Supervised learning vs. unsupervised learning: A comparison for optical inspection applications in quality control
Author(s) -
Jan Lehr,
Jan Philipps,
Van-Thanh Hoang,
D von Wrangel,
Julia Krüger
Publication year - 2021
Publication title -
iop conference series. materials science and engineering
Language(s) - English
Resource type - Journals
eISSN - 1757-899X
pISSN - 1757-8981
DOI - 10.1088/1757-899x/1140/1/012049
Subject(s) - computer science , unsupervised learning , artificial intelligence , machine learning , anomaly detection , quality (philosophy) , control (management) , novelty , supervised learning , semi supervised learning , field (mathematics) , pattern recognition (psychology) , artificial neural network , mathematics , philosophy , theology , epistemology , pure mathematics
For the establishment of a successful quality management system in companies, the quality control of e.g. newly produced goods or the return of old and used parts is an essential component.
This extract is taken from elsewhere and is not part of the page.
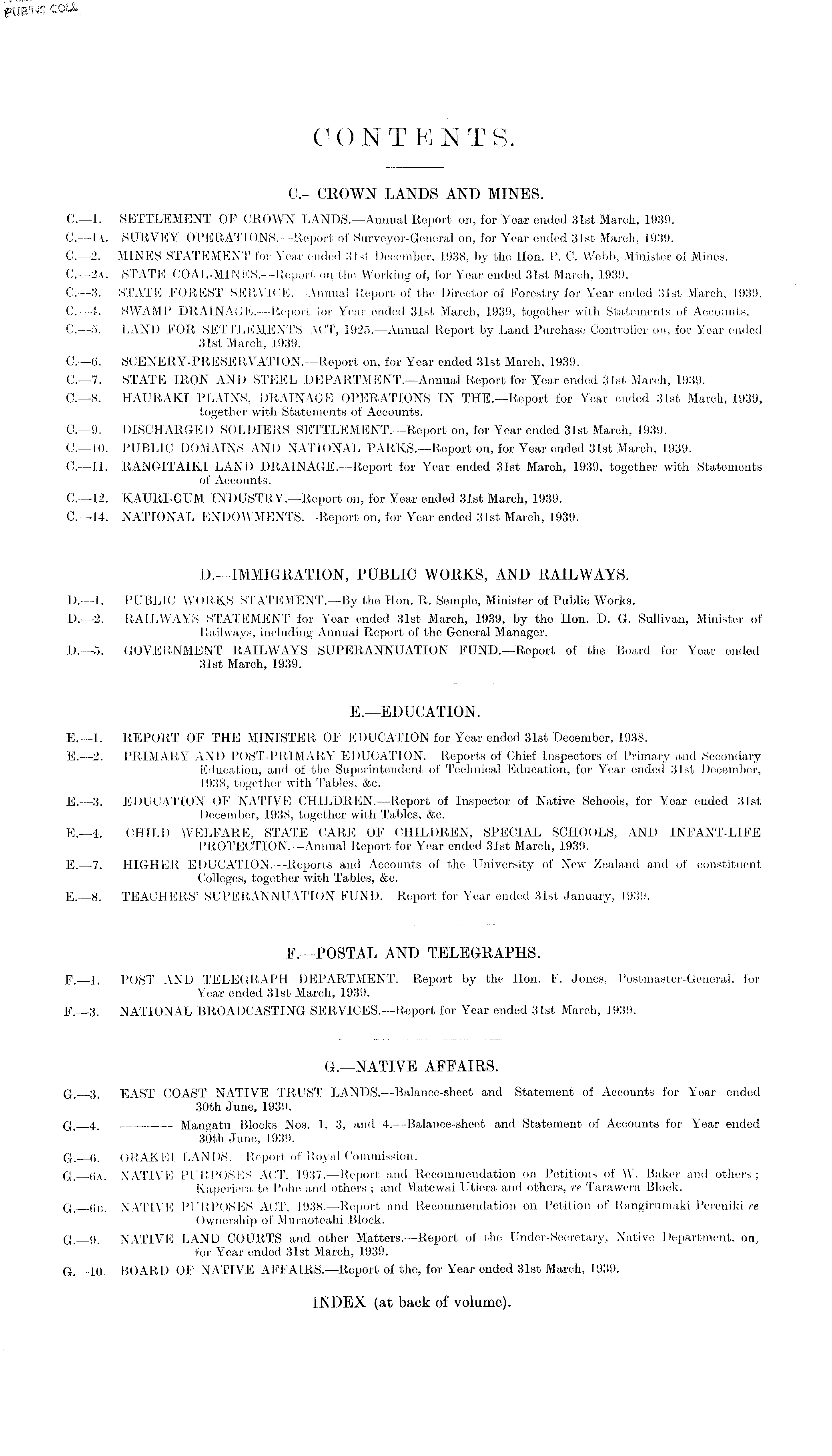 C.—CROWN LANDS AND MINES. C.—l. SETTLEMENT OF CROWN LANDS. —Annual Report on, for Year ended 31st March, 1939. C.—la. SURVEY OPERATIONS. —Report of Surveyor-General on, for Year ended 31st March, 1939. 0.—2. MINES STATEMENT for Year ended 31st December, 1938, by the Hon. P. C. Webb, Minister of Mines. C.—2a. STATE COAL-MlNES.—Report Working of, for Year ended 31st March, 1939. C.—3. STATE FOREST SERVICE.—AnnuaI Report of the Director of Forestry for Year ended 31st March, 1939. C.—4. SWAMP DRAINAGE.—Report for Year ended 31st March, 1939, together with Statements of Accounts. C.—s. LAND FOR SETTLEMENTS ACT, 1925.—Annual Report by Land Purchase Controller on, for Year ended 31st March, 1939. C.—6. SCENERY-PRESERVATION.—Report on, for Year ended 31st March, 1939. C.—7. STATE IRON AND STEEL DEPARTMENT.—AnnuaI Report for Year ended 31st March, 1939. C.—B. HAURAKI PLAINS, DRAINAGE OPERATIONS IN THE.—Report for Year ended 31st March, 1939, together with Statements of Accounts. C.—9. DISCHARGED SOLDIERS SETTLEMENT.—Report on, for Year ended 31st March, 1939. C.—lo. PUBLIC DOMAINS AND NATIONAL PARKS.—Report on, for Year ended 31st March, 1939. C.—ll. RANGITAIKI LAND DRAINAGE. —Report for Year ended 31st March, 1939, together with Statements of Accounts. C.—l2. KAURI-GUM INDUSTRY.—Report on, for Year ended 31st March, 1939. C.—l 4. NATIONAL ENDOWMENTS.—Report on, for Year ended 31st March, 1939. D.—IMMIGRATION, PUBLIC WORKS, AND RAILWAYS. D.—l. PUBLIC WORKS STATEMENT.—By the Hon. R. Semple, Minister of Public Works. D.—2. RAILWAYS STATEMENT for Year ended 31st March, 1939, by the Hon. D. G. Sullivan, Minister of Railways, including Annual Report of the General Manager. D.—s. GOVERNMENT RAILWAYS SUPERANNUATION FUND.—Report of the Board for Year ended 31st March, 1939. E.—EDUCATION. E.—l. REPORT OF THE MINISTER OF EDUCATION for Year ended 31st December, 1938. E.—-2. PRIMARY AND POST-PRIMARY EDUCATION. —Reports of Chief Inspectors of Primary and Secondary Education, and of the Superintendent of Technical Education, for Year ended 31st December, 1938, together with Tables, &c. E.—-3. EDUCATION OF NATIVE CHILDREN. —Report of Inspector of Native Schools, for Year ended 31st December, 1938, together with Tables, &c. E.—4. CHILD WELFARE, STATE CARE OF CHILDREN, SPECIAL SCHOOLS, AND INFANT-LIFE PROTECTION.—AnnuaI Report for Year ended 31st March, 1939. E.—7. HIGHER EDUCATION.—Reports and Accounts of the University of New Zealand and of constituent Colleges, together with Tables, &c. E.—B. TEACHERS' SUPERANNUATION FUND.—Report for Year ended 31st January, 1939. F.—POSTAL AND TELEGRAPHS. F.—l. POST AND TELEGRAPH DEPARTMENT.—Report by the Hon. F. Jones, Postmaster-General, for Year ended 31st March, 1939. F.—3. NATIONAL BROADCASTING SERVICES.—Report for Year ended 31st March, 1939. G.—NATIVE AFFAIRS. G 3. EAST COAST NATIVE TRUST LANDS. —Balance-sheet and Statement of Accounts for Year ended 30th June, 1939. G. 4. Mangatu Blocks Nos. 1, 3, and 4.—Balance-sheet and Statement of Accounts for Year ended 30th June, 1939. G. —G. ORAKEI LANDS.—Report of Royal Commission. G. 6a. NATIVE PURPOSES ACT, 1937. —Report and Recommendation on Petitions of W. Baker and others ; Kaperiera te Pohe and others ; and Matewai Utiera and others, re Tarawera Block. G. 6b. NATIVE PURPOSES ACT, 1938.—Report and Recommendation on Petition of Rangirumaki Pereniki re Ownership of Muraoteahi Block. G. 9. NATIVE LAND COURTS and other Matters.—Report of the Under-Secretary, Native Department, on, for Year ended 31st March, 1939. G.—lo- BOARD OF NATIVE AFFAIRS. —Report of the, for Year ended 31st March, 1939. INDEX (at back of volume).

One solution for this is the optical inspection of the surface of objects with the help of image processing algorithms. Using the case study of printer cartridges, this paper evaluates the extent to which different methods of machine learning can contribute to a successful quality control. Established methods of supervised learning have the advantage that they are already proven in many applications and have a very high detection accuracy. However, they require a lot of labelled training data and this high effort also means high integration costs. A new approach is a data-reduced variant from unsupervised learning. Here, the algorithm is trained only with defect free objects, for example as they come to a large extent from the production. If the objects are defective, the method from the field of anomaly detection or even novelty detection detects something that is different from the learned norm. This has the advantage that not all defects have to be known beforehand. And this in turn avoids acquiring a large amount of training data for each of these defects. This paper compares the effort required to acquire training data and compares it with the detection accuracy of the different methods in order to give an assessment of the extent to which the use of unsupervised learning methods is beneficial. Newly produced and used printer cartridges are used for this purpose. Image data is acquired from 18 different printer cartridge models. Afterwards they are fully annotated (labelled). A smart separation into training, validation and test data allows the training of supervised and unsupervised methods as well as a complete evaluation regarding the effort for data acquisition, annotation and detection accuracy of the defects. Finally, an outlook for chances and risks of the respective procedures is given.